The third part of this dissertation presents two network virtualization platforms that achieve both high degree of flexibility and high speed packet forwarding [50,52, 78]. Both platforms run virtual network data planes in virtual machines so as to achieve the flexibility to customize virtual network data planes. But these two plat-forms use different approaches to compensate the data plane performance degradation due to virtualization. The first platform adopts the parallel processing of multiple machines to achieve close to the best known software router packet forwarding speed;
the second platform achieves high speed packet forwarding by adopting a novel user mode packet forwarding scheme, which eliminates the overhead of invoking system calls and copying packet between user space and kernel.
1.3.4 Data Center Networks
Data centers consisting of a cluster of servers have become important infrastruc-ture in Internet to provide large scale storage and computation service [60–64]. The conventional data center networks use switches to build a tree-like interconnection structure to connect servers [79]. However, as the demand for storage and compu-tation grows quickly, the conventional data center interconnection networks become the bottleneck to limit the number of servers that can be accommodated in data cen-ters [58]. When more servers are connected into a data center, the conventional data center network has to upgrade the switches to higher switching capability. However, high-end commodity switches are considerably more expensive. More importantly, the intrinsic limitations of the current switching hardware have hard constraints on how fast packets can be forwarded. Hence, new diverse interconnection structures are needed to accommodate huge number of servers in future data centers.

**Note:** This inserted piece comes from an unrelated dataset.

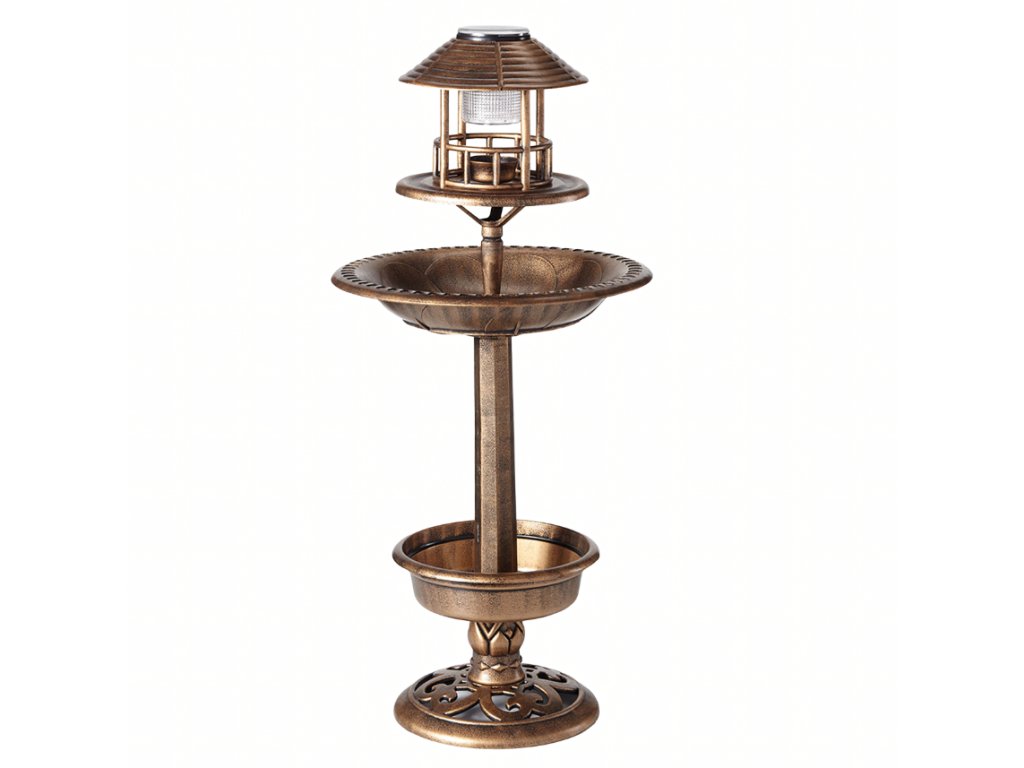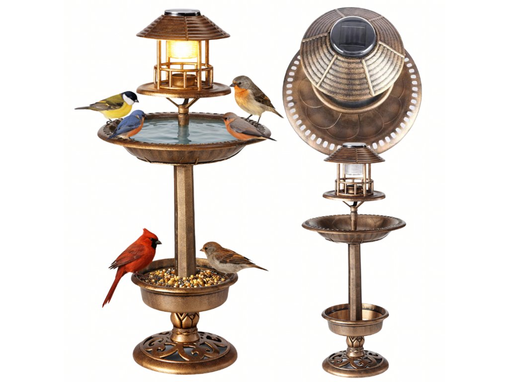 Záhradné LED kŕmidlo je dekoratívny a praktický doplnok do záhrady, ktorý kombinuje 4 funkcie v jednom zariadení – solárnu lampu, kŕmidlo pre vtáky, vtáčie kúpalisko a spodnú misku pre rastliny. Vďaka vstavanému solárnemu panelu a LED osvetleniu poskytuje príjemné atmosférické svetlo po zotmení bez potreby elektrického pripojenia. Konštrukcia z odolného plastu je navrhnutá pre vonkajšie použitie a odoláva dažďu aj mrazu. Elegantný retro dizajn sa hodí do každého typu záhrady a zároveň priláka vtáctvo, ktoré oživí okolitý prostredie.
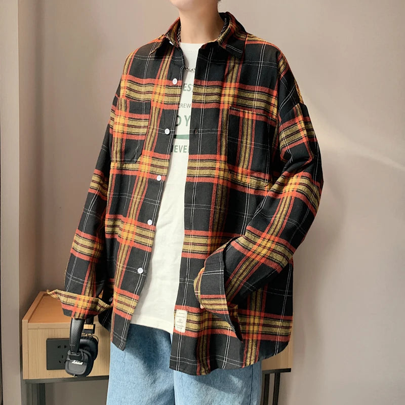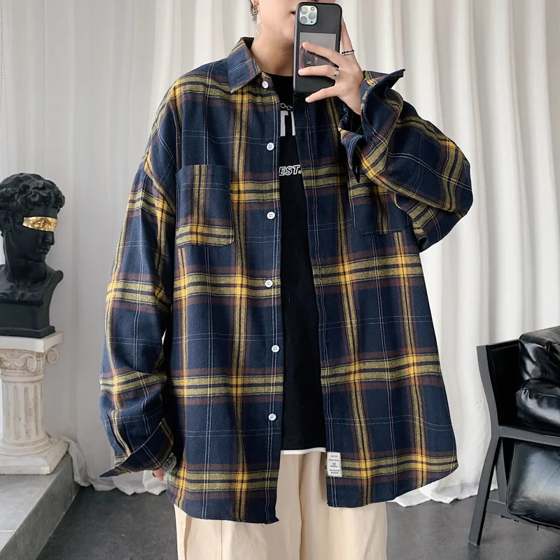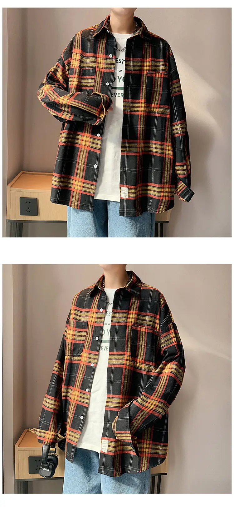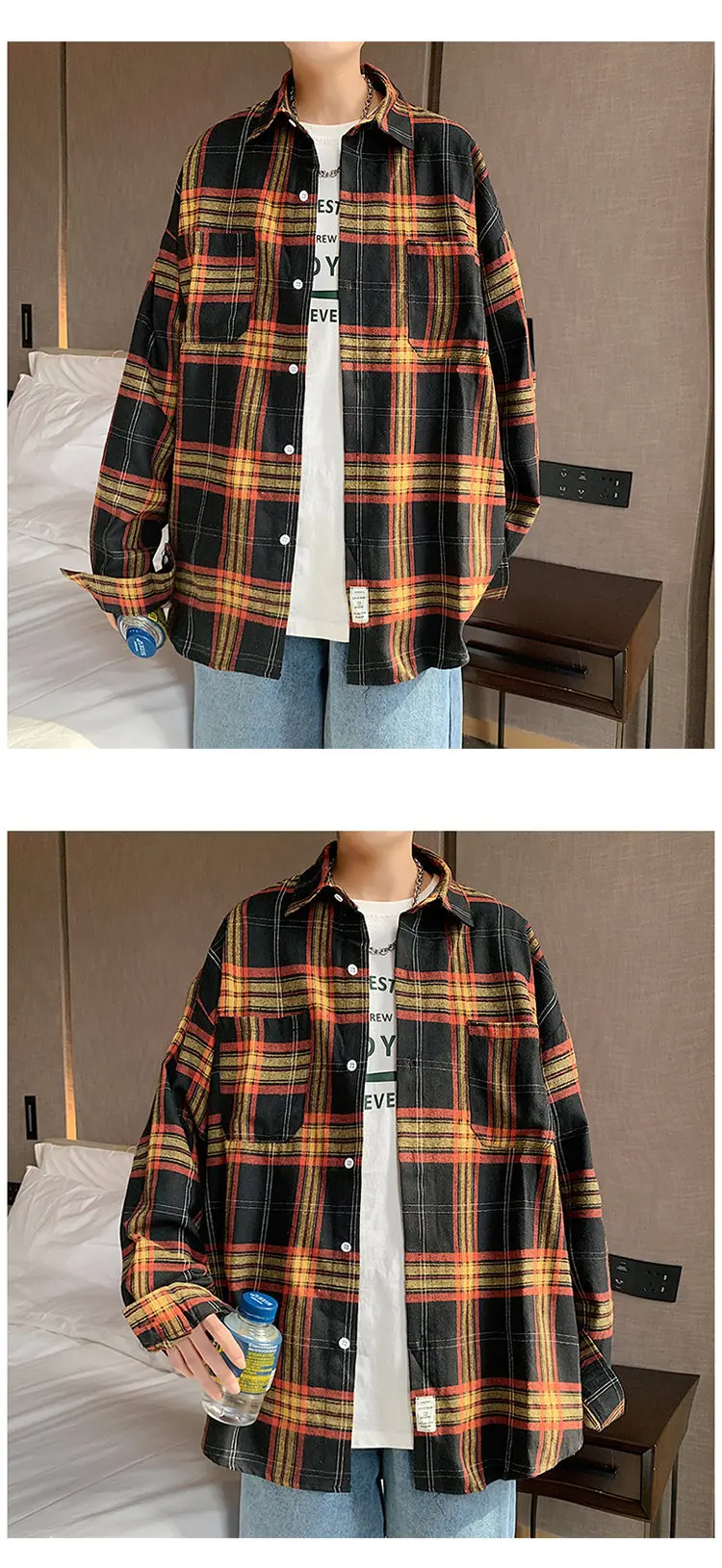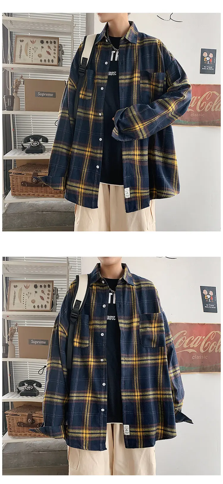 Wiaofellas - Autumn Oversized Long Sleeved Shirt Men Fashion Retro Plaid Shirt Men Streetwear Korean Loose Casual Shirts Mens Large Size 5XL

The fourth part of this dissertation proposes DPillar [80], a new server inter-connection structure for data center networks. Different from the conventional data center networks with tree structures, DPillar adopts a server-centric approach, where a server is not only a computation and storage workstation, but also an intermediate nodes relaying traffic for other servers. All servers in DPillar are commodity dual-port PCs. As most server-class PCs in market and in existing data centers already have two ports, one primary port and one backup port, there is no need to physically upgrade servers in building DPillar. All switches used in DPillar are identical plug-and-play layer-2 Ethernet switches. Because low-end layer-2 Ethernet switches are inexpensive
and require little configuration, DPillar can be easily scaled to accommodate any number of servers.